Word for word, copy the lines beginning at the one with "속이 빈 것이 있다." and ending at the last line below; pictures stay out.

** RECORDED DATA **
╔══
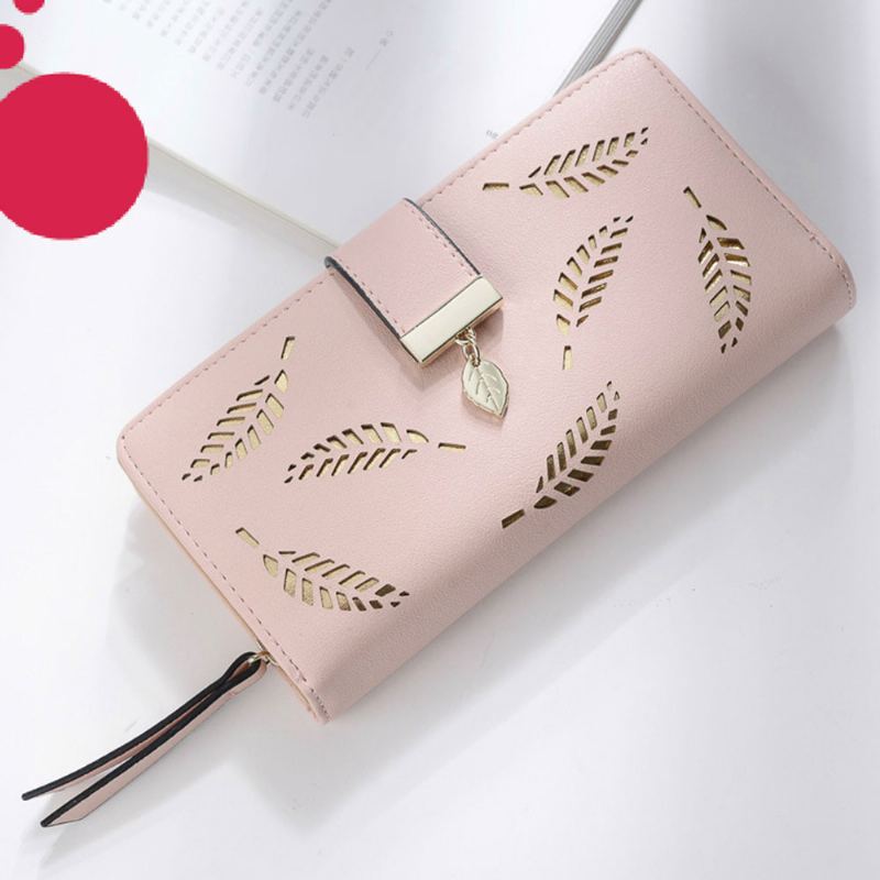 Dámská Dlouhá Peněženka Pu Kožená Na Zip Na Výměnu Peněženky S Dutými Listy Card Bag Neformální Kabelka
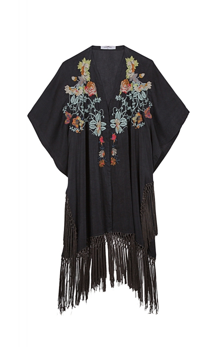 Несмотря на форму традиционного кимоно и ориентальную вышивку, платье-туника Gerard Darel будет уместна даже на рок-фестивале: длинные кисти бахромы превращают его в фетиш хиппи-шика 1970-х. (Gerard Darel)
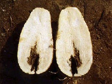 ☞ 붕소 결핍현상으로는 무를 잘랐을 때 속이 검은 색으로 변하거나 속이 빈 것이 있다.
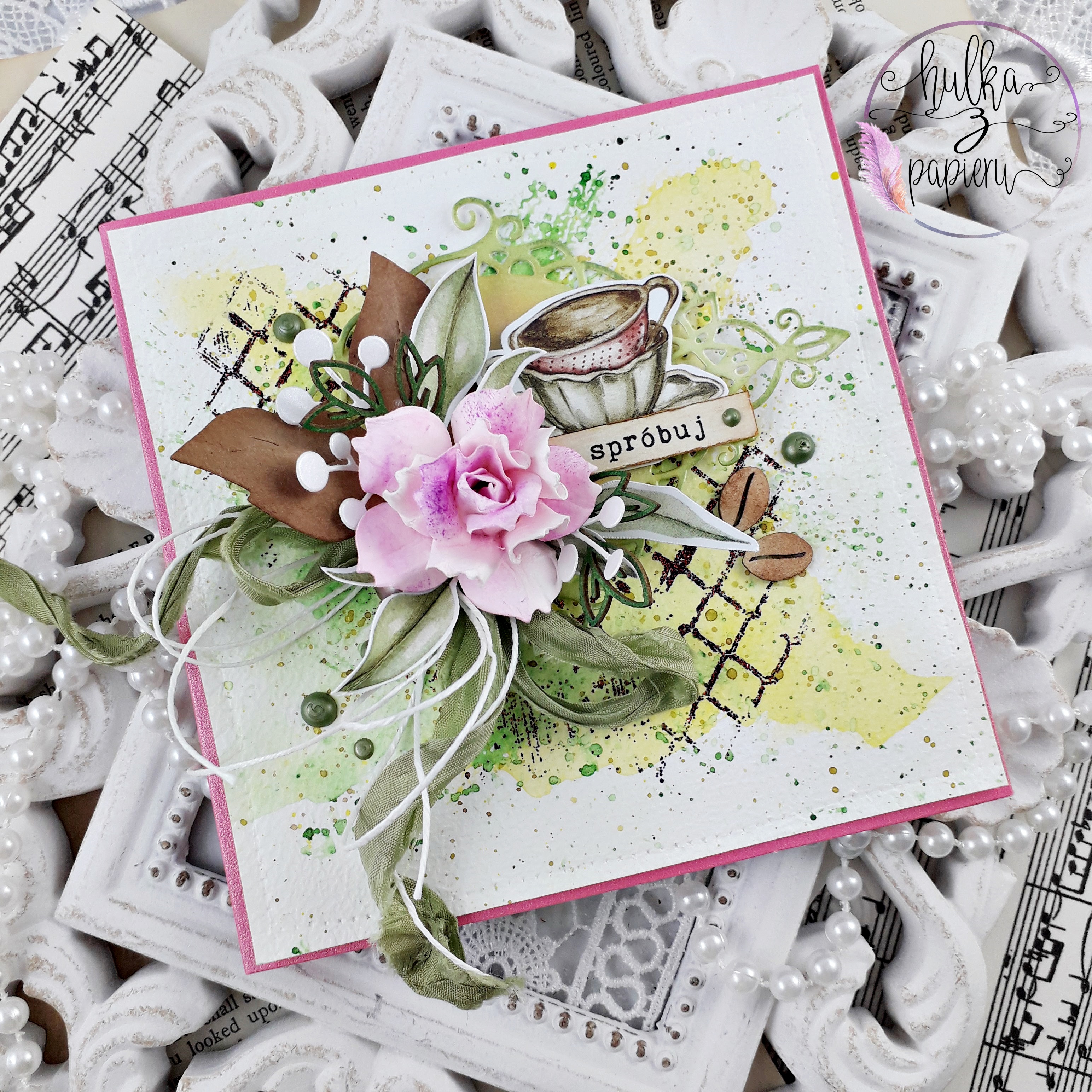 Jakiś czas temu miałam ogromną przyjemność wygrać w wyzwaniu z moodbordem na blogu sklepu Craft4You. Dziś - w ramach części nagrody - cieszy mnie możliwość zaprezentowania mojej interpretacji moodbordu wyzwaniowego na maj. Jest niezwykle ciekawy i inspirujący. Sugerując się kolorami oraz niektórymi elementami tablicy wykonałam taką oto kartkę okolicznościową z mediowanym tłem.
╚══
** EXERCISE SOLUTION **
 ☞ 붕소 결핍현상으로는 무를 잘랐을 때 속이 검은 색으로 변하거나 속이 빈 것이 있다.
 Jakiś czas temu miałam ogromną przyjemność wygrać w wyzwaniu z moodbordem na blogu sklepu Craft4You. Dziś - w ramach części nagrody - cieszy mnie możliwość zaprezentowania mojej interpretacji moodbordu wyzwaniowego na maj. Jest niezwykle ciekawy i inspirujący. Sugerując się kolorami oraz niektórymi elementami tablicy wykonałam taką oto kartkę okolicznościową z mediowanym tłem.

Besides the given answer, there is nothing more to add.